I must admit, "love" has been kind of a confusing thing for me, quite a bit of my life, whether familiar, friendship, fake or real. Some seem to find the love of their life early on and are very fortunate. Others experience a form of love, much like a good companion. rather than the fairy tale feelings.
In my humble opinion and in my single, widowhood the last few years, I hear the hopes of many who are searching for the real thing the second time around. Even in the midst of skepticism, it seems the hope for real love always finds a way to thrive.........
I am growing and learning what love looks like, in the 21st century, and now in my 40's. It took me quite some time, to learn how not to settle, and concern myself with compromises. I found that as in most instances, when I let the Lord show up, He does and makes the connections......
I may have a fairy tale story of my own to tell...............
Momentum is building in business and today I sat in on an agreement of sale with Christina. I am doing a lot of marketing, mailings, and supportive work which has been a very good fit. I am immersed in real estate, however, I am not feeling suffocated by it any longer. I needed to breathe.
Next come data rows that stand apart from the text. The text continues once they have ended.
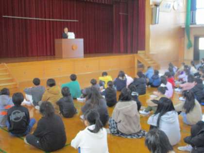 始業式では、残り少ない今年度を学校目標をめあてに進めるようお話がありました。
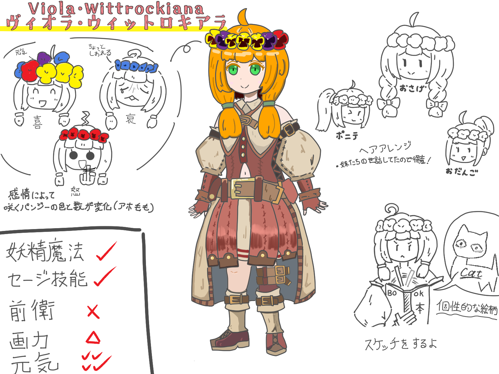 メリアにしては小柄な体格で、緑髪の頭に彼女を象徴するパンジーの花を冠のように付けている。
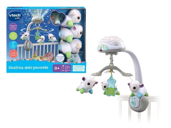 La giostrina dolci pecorelle di VTech è una giostrina luminosa e musicale che culla e calma il tuo bambino! Le proiezioni colorate sul soffitto , tre pecorelle in tessuto e due stelle rimovibile attirano l'attenzione e stimolano il senso visivo del tuo bambino.Inoltre, i suoni della natura, i rumori bianchi e le dolci melodie stimolano il senso dell'udito del tuo piccolo e aiutano a cullarlo e ad accompagnarlo nel mondo dei sogni. Inoltre la giostrina può essere controllata a distanza grazie a un telecomando incluso per non disturbare il bambino mentre dorme.
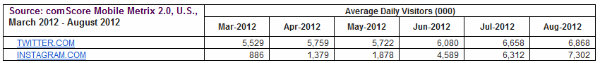 In september maakte Zuckberg bekend dat Instagram de grens van 100 miljoen gebruikers is gepasseerd. Bij de laatste update van een paar maanden geleden stond de teller nog op 80 miljoen. Uit cijfers van comScore (via) bleek diezelfde maand dat Instagram meer mobiele bezoekers heeft dan Twitter in de VS.
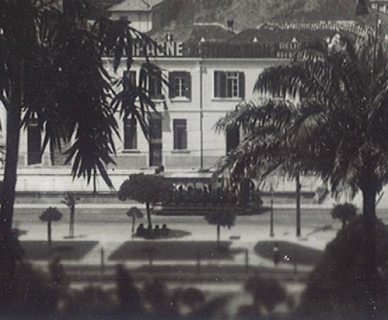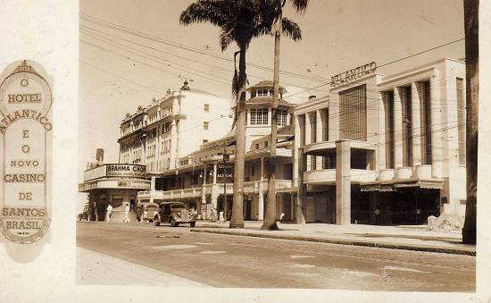 Hotel Atlântico e à direita o cine-teatro transformado em Cassino Atlântico (e já fechado então, devido à proibição dos jogos de azar no Brasil em 1946):
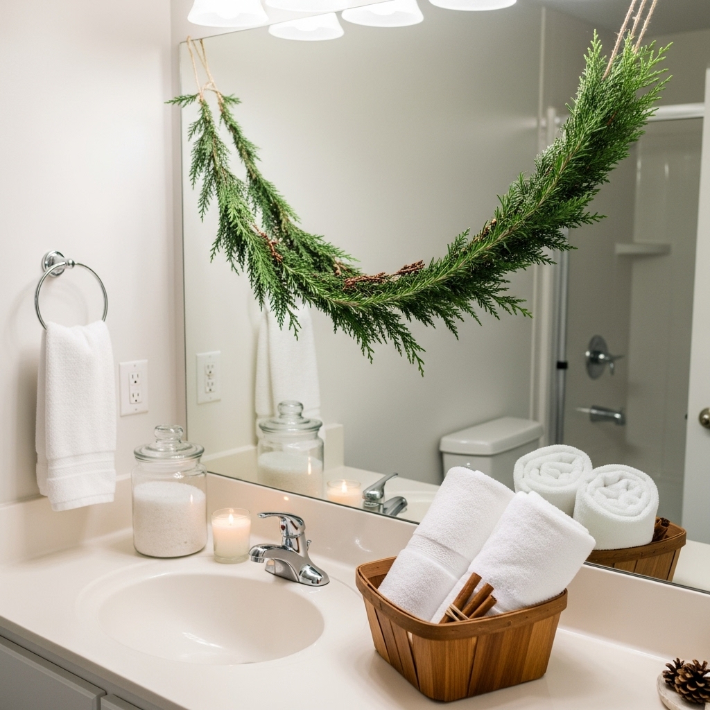 Extend the holiday cheer to your bathroom with subtle, sensory touches. A simple evergreen garland and rolled towels with cinnamon sticks add festive charm. Scented candles or bath salts complete the spa-like atmosphere. This thoughtful Christmas room decor turns everyday routines into special moments.
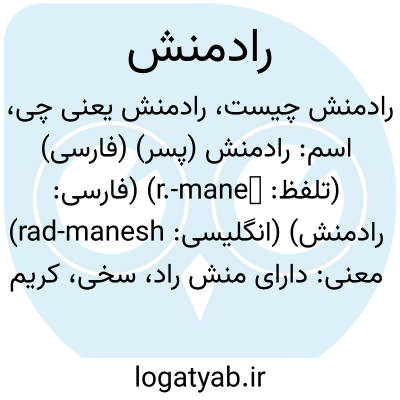 اسم: رادمنش (پسر) (فارسی) (تلفظ: r.-maneš) (فارسی: رادمنش) (انگلیسی: rad-manesh)
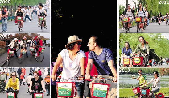 2008年5月1日,杭州首批公共自行车上路,到今年5月1日已满五周岁。目前,杭州公共自行车共69750辆,日均租用量达到25.75万人次。 里尔 摄
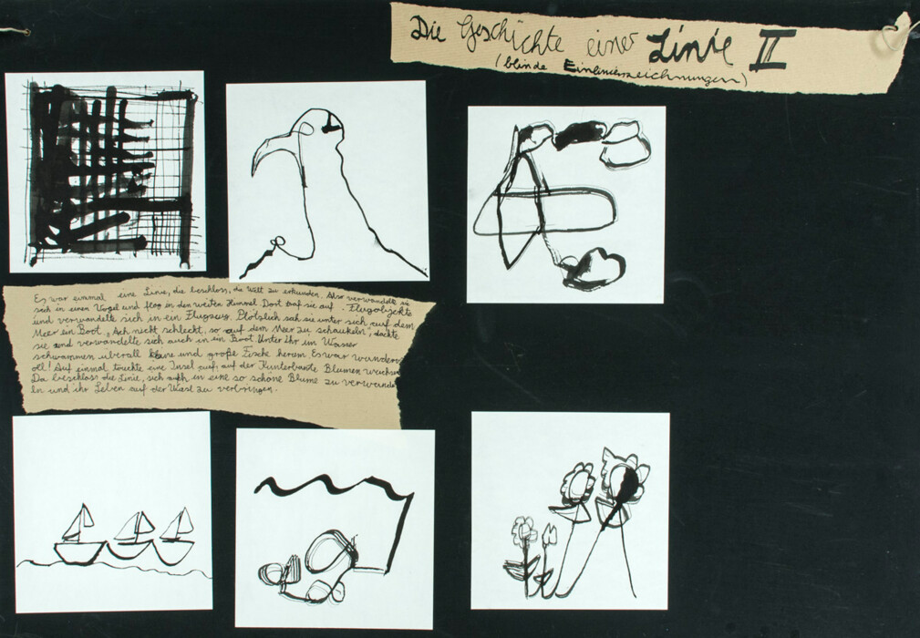 Zu bestimmten Begriffen (z. B. Chaos, Stadt, Tier, Flugobjekte) werden blind Einlinienzeichnungen erstellt.
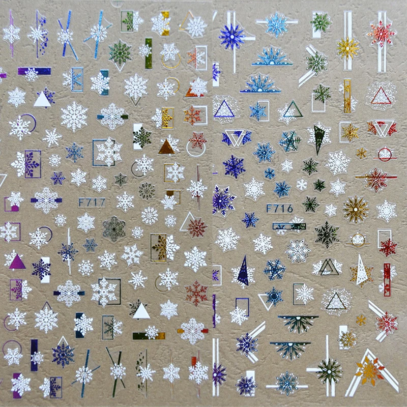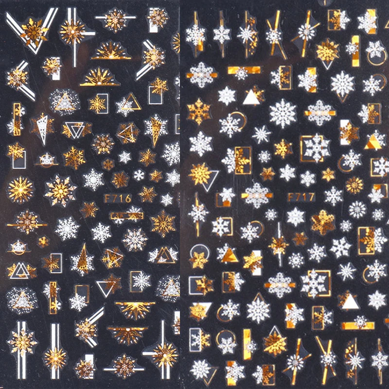 3D снежинки Рождественские украшения для ногтей блестящие золотые белые красочные блестящие геометрические зимние слайдеры Фольга для ногтей
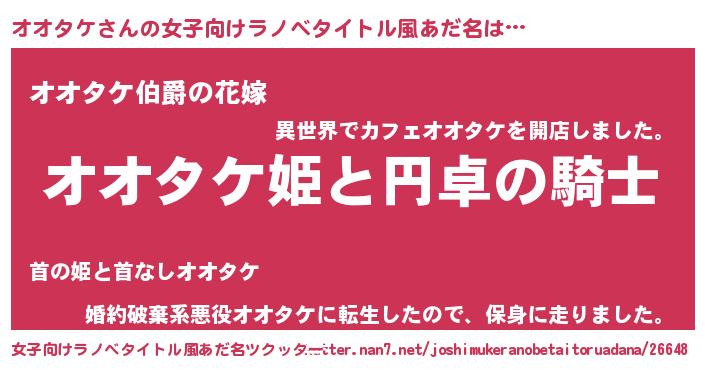 | 男性向けラノベタイトル風あだ名 | 『オオタケアートオンライン』 |
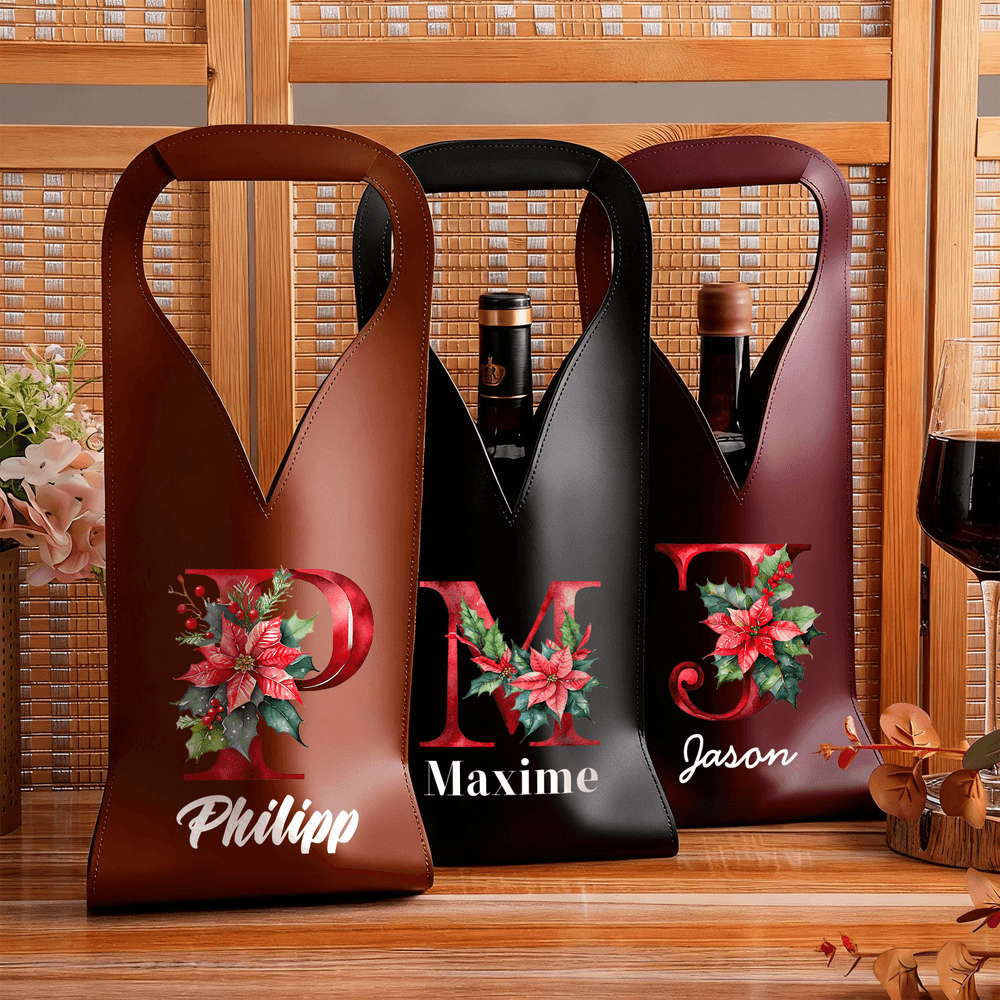 You can choose a color from options like Red, Wine Red, Black, Brown, and Light Brown. Select an initial from A-Z and input a name. The design features a floral motif (poinsettia and holly leaves) that adds a festive touch, making each tote a unique accessory that reflects your style or the recipient’s personality.
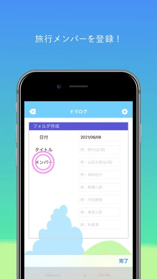 旅行のタイトルとメンバーの登録を行いフォルダの作成を行います。
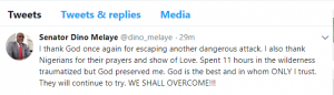 On his twitter handle, @dino_melaye, he said, “I thank God once again for escaping another dangerous attack. I also thank Nigerians for their prayers and show of Love. Spent 11 hours in the wilderness traumatized but God preserved me. God is the best and in whom ONLY I trust. They will continue to try. WE SHALL OVERCOME!!!”
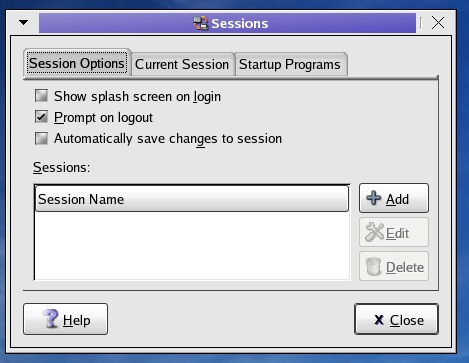Notice that you have several options from which to choose in the Sessions tool. Later, we use the third tab, Startup Programs, to show you how to load a script to improve the start-up time for OpenOffice.org.
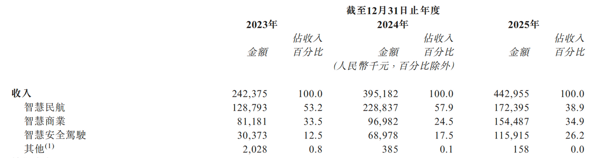 2025年,智慧民航、智慧商业与智慧安全驾驶业务的营收占比分别提为38.9%、34.9%、26.2%,收入结构朝多元化方向改善。
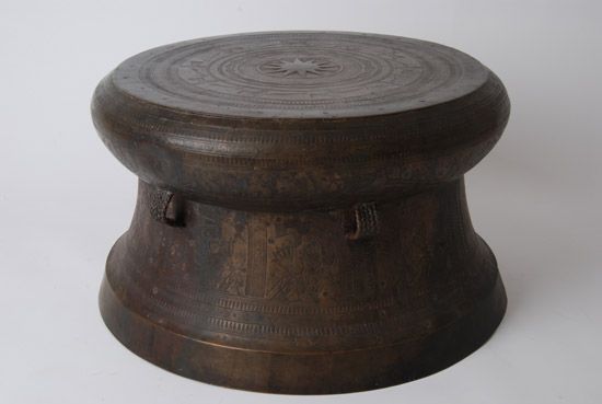 铜鼓是一种平面曲腰、中空无底的敲击体鸣乐器,流行于滇、黔、川、粤、桂、湘、琼等省区,使用于民族生活的不同领域。铜鼓由面、胸、腰、足、耳五部分组成。鼓面圆而平,是敲击发音的部分,下接鼓身,连接部分略外凸,形成球状弧度为胸。腰部略细,内收如束腰。往下鼓身又扩大,呈喇叭口部分为足。鼓身两侧各有两个半环形的耳。鼓面主体为太阳纹,周围有许多层称为“弦”的同心线条,弦数多少不等,弦与弦之间由宽窄不等的图案组成,称为晕圈。鼓身四周的表面,也有多数平行的晕圈,晕圈中铸出的纹饰图案绚丽多彩,有虫鱼、鸟兽、花卉、舟船和人物等。铜鼓制作工艺考究,用以铜为主要成分的铜、锡、铝合金等铸造而成。按不同形制和花纹,铜鼓可分为八个类型:万家坝型、石寨山型、冷水冲型、遵义型、麻江型、北流型、灵山型和西盟型。
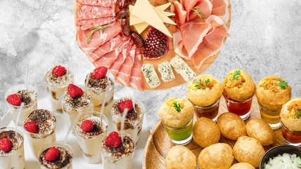 Petit fours fans will adore the concept of a shotcuterie party, as the recipes you put together are intended to be plated in small, individual servings. The shot-based theme is ideal for gatherings in which you want to encourage guests to help themselves, as the pre-portioned bites can be easily and cleanly picked up and served. You'll need plenty of shot glasses to make this kind of presentation happen, but even if your home bar is weak in the glasses department, you can use smaller containers, cups, and saucers to set onto trays and pack with treats. With prettily made glasses of food and drink presented for your guests, your party is in for a fun aesthetic upgrade.
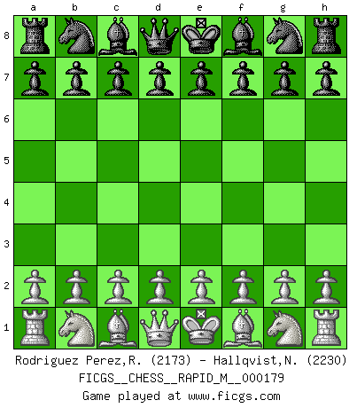First move 2026 January 2 2:36:44 White clock - 29 days 17:27:50 Black clock - 30 days 00:00:00 [Event "FICGS__CHESS__RAPID_M__000179"] [Site "FICGS"] [Date "2026.01.02"] [Round "1"] [White "Rodriguez Perez,Rene"] [Black "Hallqvist,Niklas"] [Result "*"] [WhiteElo "2173"] [BlackElo "2230"] 1.* Follow this game move after move (download)I played Chess with him and would have beaten him sometimes only he always took back his last move, and ran the game out differently. (Mark Twain) Wenn ich gewinne bin ich ein Genie. Wenn nicht, dann bin ich keines. (Robert James Fischer) Siempre es mucho mejor sacrificar las piezas de tu oponente. (Savielly Tartakover) Le thème de l'attaque double intervient d'une manière ou d'une autre dans l'immense majorité des combinaisons. (Youri Averbakh) Imagination is more important than knowledge. Knowledge is limited. Imagination encircles the world. (Albert Einstein)

My rental property has been off the market since mid September, after making the decision to keep it. I recently had a new tenant move in and the kids have been pitching in as needed. A lot has stabilized in our lives which is a welcome change as opposed to the unimaginable summer.
Over that course of time, I handled a roller coaster of pressures, threats, and stuff I have never had to deal with ever. Through it all, I had hoped to count on a close confidant; however, in these troubling times, that relationship became tumultuous and not what I had expected......
The Lord took me in another direction........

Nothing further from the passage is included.